Fighting to stay calm, Sorrow replied, “Well, all your so-called information has turned up is the fact he prefers lemon curd to lime, writes with his left hand, and likes to sing while he bathes, despite having a terrible voice. Which is also predictably useless, in my opinion.”
Believing she’d made her point, Sorrow took a large sip of coffee.

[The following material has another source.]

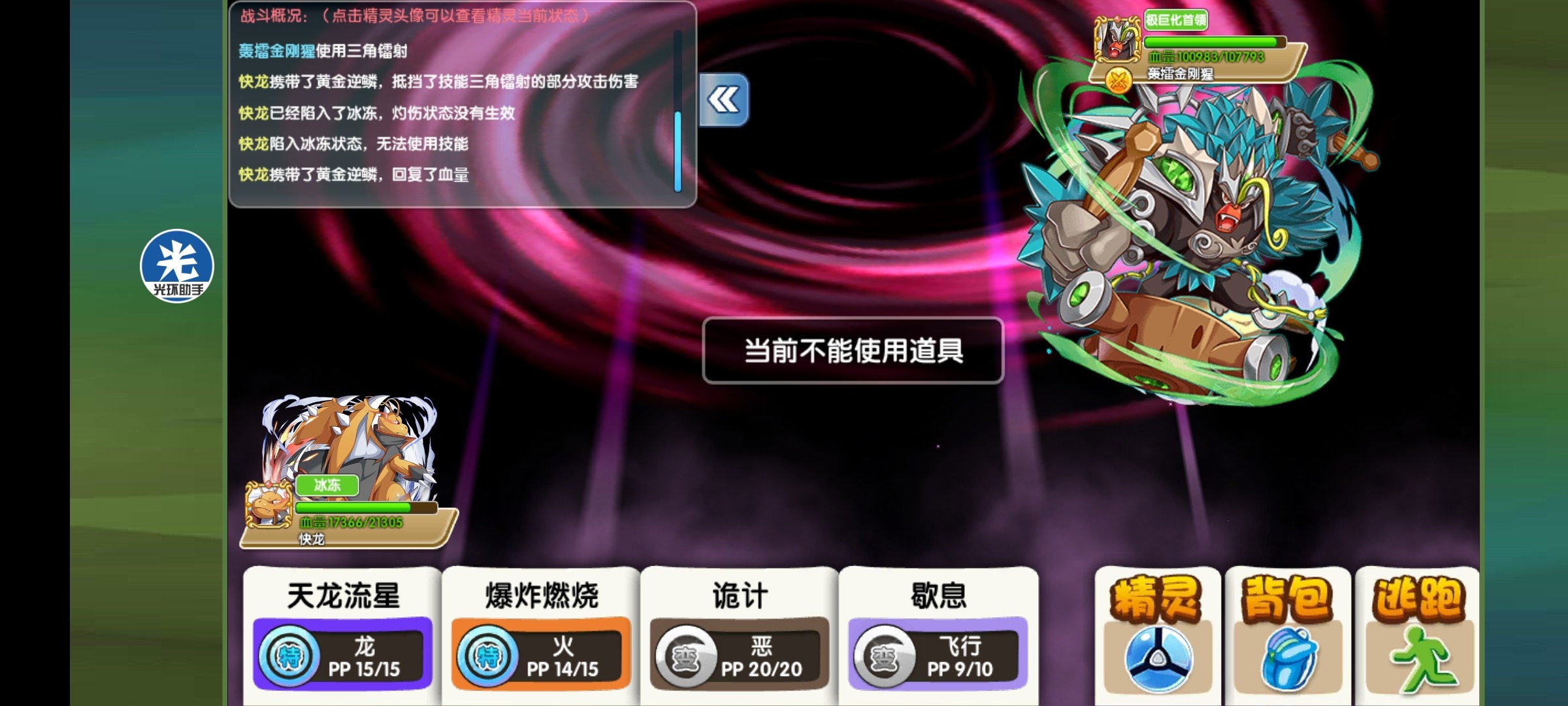 经过实验,对战中,我方精灵不能使用巨大化能力和超级Z招式,这里我用毒龙实验了下。
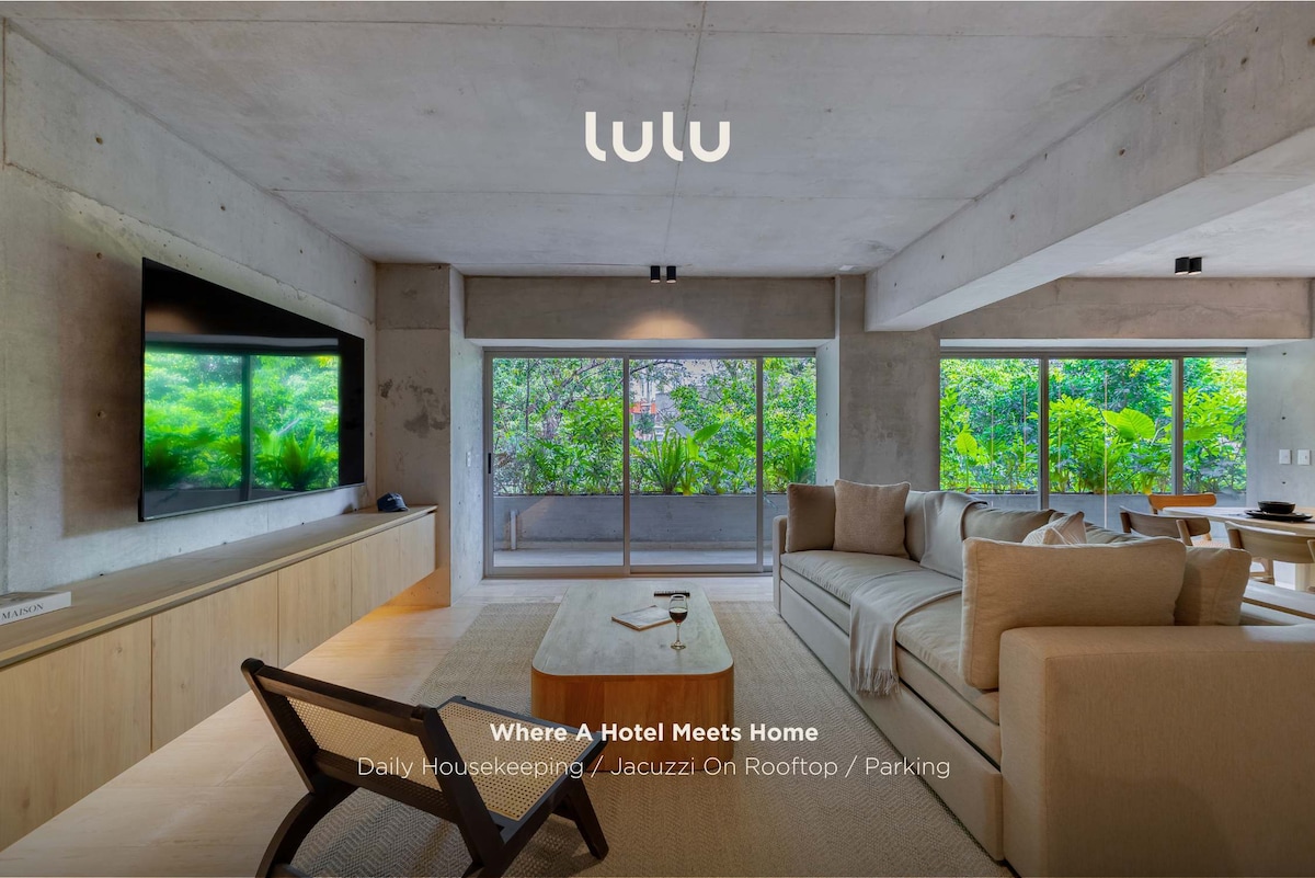 Welcome to Lulu Condesa, your new favorite home in Mexico City. This exclusive residence features elegant two and three-bedroom apartments, each designed with private balconies in every bedroom, abundant natural light, and sophisticated interiors that blend premium finishes with modern comfort. Each apartment is fully equipped for a seamless stay, offering a complete kitchen, laundry area, spacious living areas, and everything needed for both short and extended visits. Guests also enjoy premiu

But Luvian was ready for her. “I’ve been meaning to ask, does that run in the family?”
Sorrow choked.
“I’m kidding!” Luvian tossed a napkin over to her as Sorrow scrabbled for a nasty enough insult to lob at him. “Lighten up, lovely.” He paused again, and looked at her over the rims of his glasses. “Seriously, Sorrow, what did you expect? A servant conveniently overhearing Vespus and Mael laughing evilly together about how he absolutely isn’t really the lost boy? Vespus isn’t an idiot – he’s been working on this for a long time – but the closer we get to the election, the more likely he is to make a mistake, because he won’t be able to control it. You need to be patient. Gossip and rumours travel on swifter winds than truth does.”